START GIVEN INFORMATION
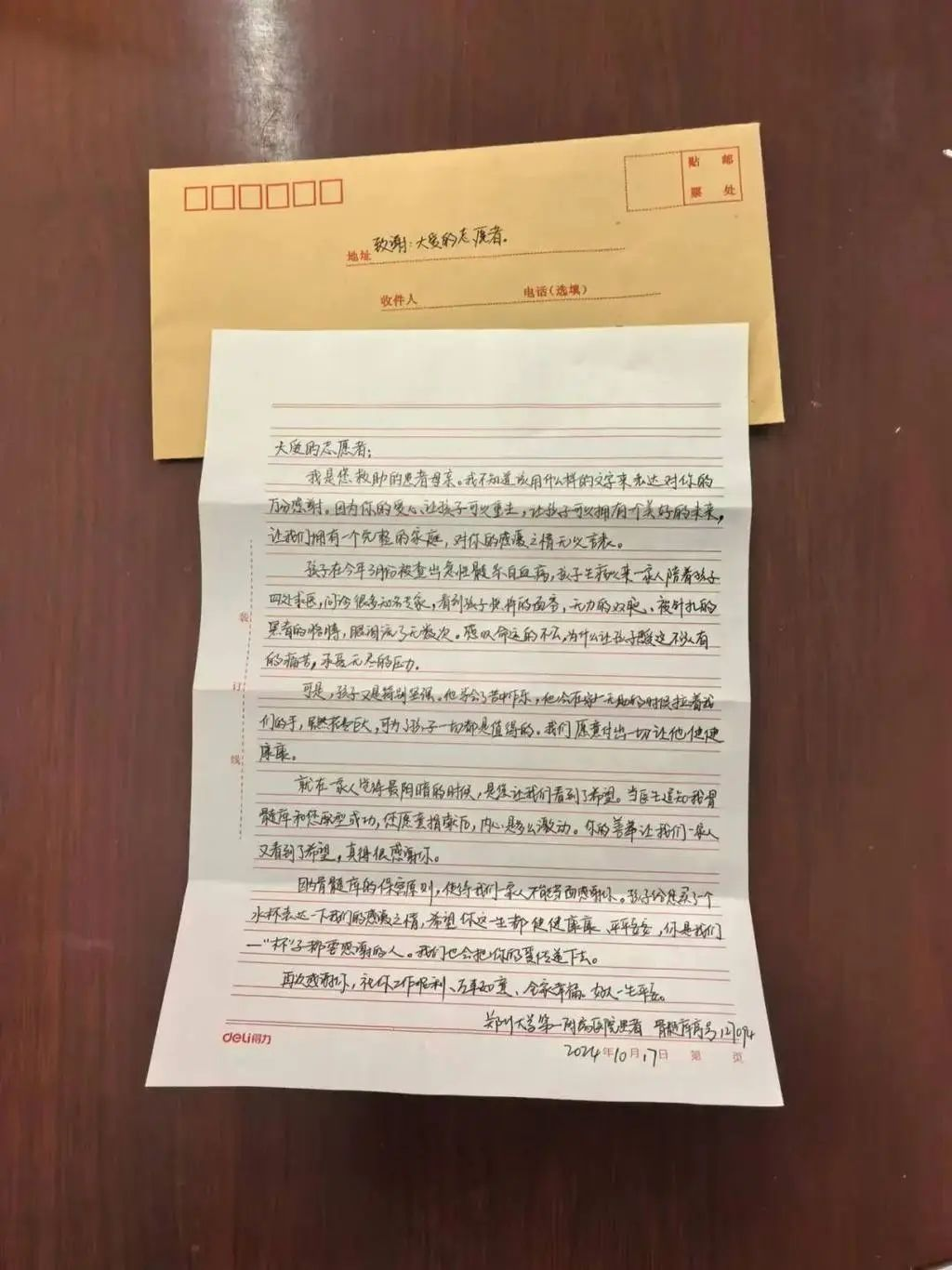患者家属给李建辉的手写信。(黄雨晗/摄)
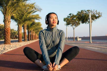 Young beautiful Asian woman in sports outfits doing stretching before workout outdoor in the park in the morning to get a healthy lifestyle. Healthy young woman warming up outdoors.
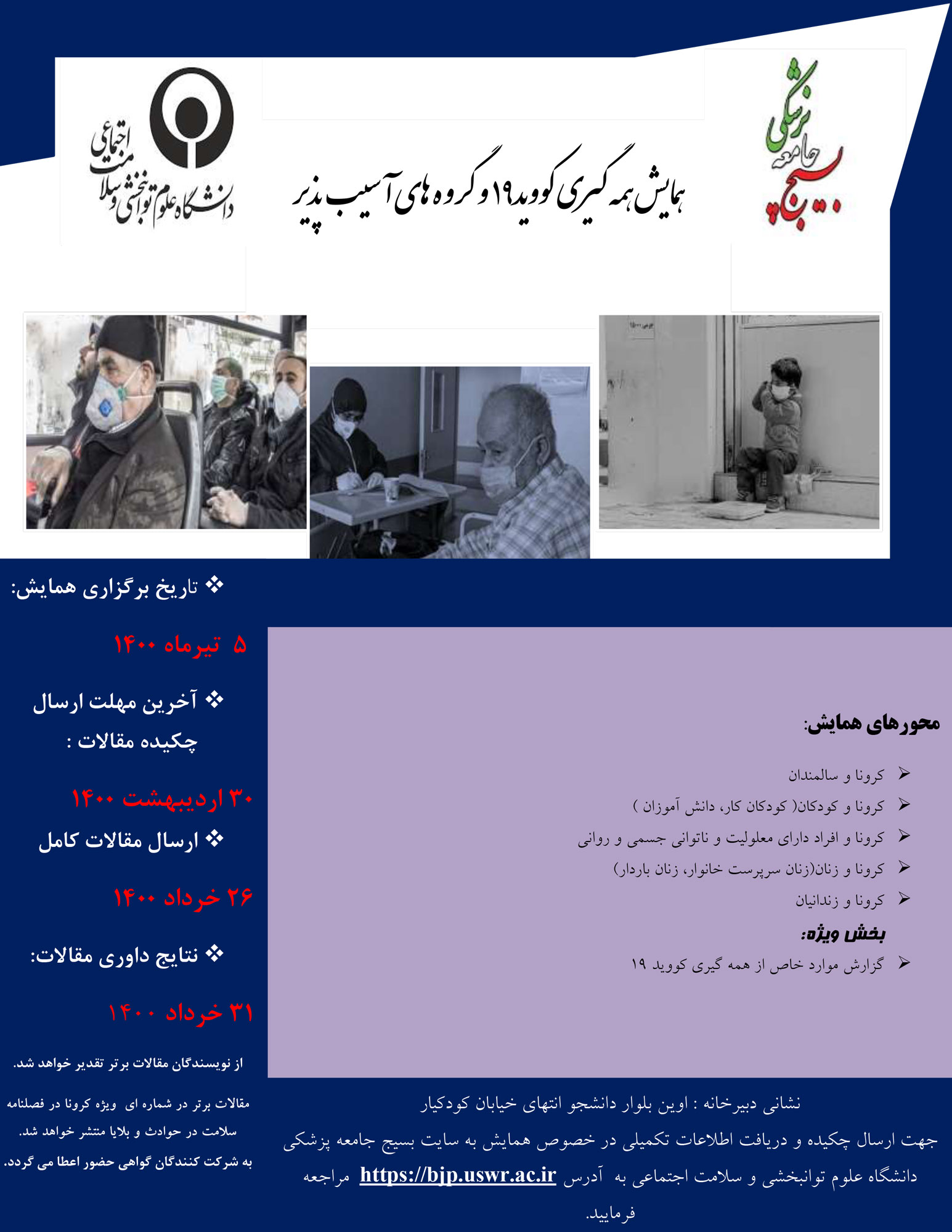 اخبار > همایش همه گیری کووید 19 و گروه های آسیب پذیر، پنجم تیرماه برگزار می شود/ مهلت ارسال مقالات، 30 اردیبهشت ماه
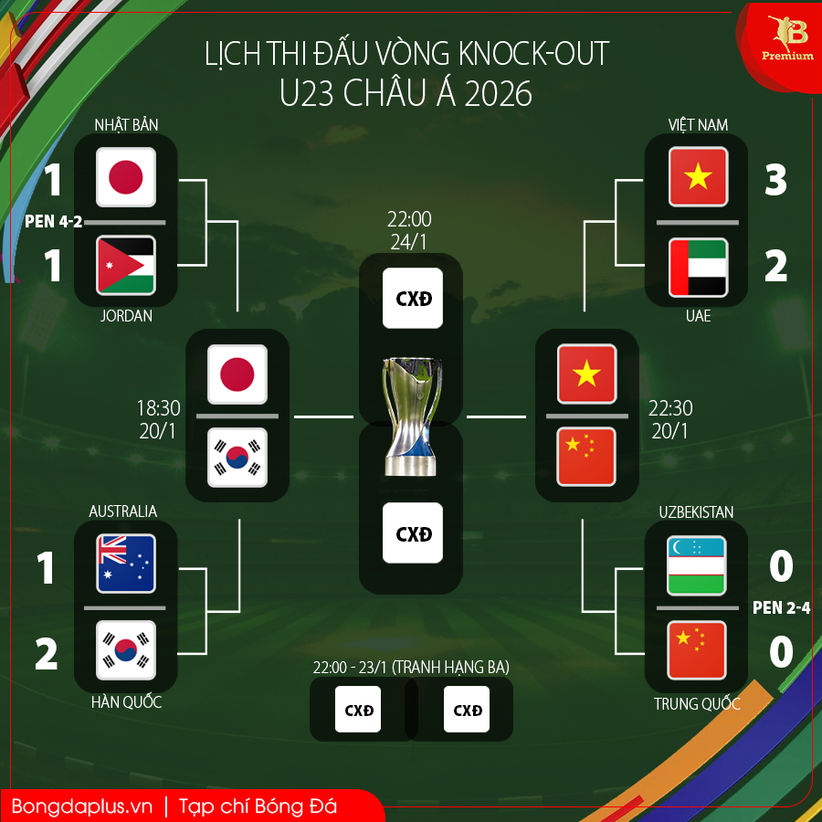 Không còn gì để mất, U23 Australia buộc phải đẩy cao đội hình để tìm bàn gỡ hoà hòng nuôi hy vọng, nhưng lực bất tòng tâm. Thua chung cuộc 1-2, đội bóng trẻ xứ chuột túi đã phải dừng bước, trong lúc U23 Hàn Quốc sẽ vào bán kết gặp U23 Nhật Bản.
END GIVEN INFORMATION
*EXERCISE*.
The expected result is the material restated word for word, minus any picture.

*YOUR SOLUTION*.
患者家属给李建辉的手写信。(黄雨晗/摄)
 Young beautiful Asian woman in sports outfits doing stretching before workout outdoor in the park in the morning to get a healthy lifestyle. Healthy young woman warming up outdoors.
 اخبار > همایش همه گیری کووید 19 و گروه های آسیب پذیر، پنجم تیرماه برگزار می شود/ مهلت ارسال مقالات، 30 اردیبهشت ماه
 Không còn gì để mất, U23 Australia buộc phải đẩy cao đội hình để tìm bàn gỡ hoà hòng nuôi hy vọng, nhưng lực bất tòng tâm. Thua chung cuộc 1-2, đội bóng trẻ xứ chuột túi đã phải dừng bước, trong lúc U23 Hàn Quốc sẽ vào bán kết gặp U23 Nhật Bản.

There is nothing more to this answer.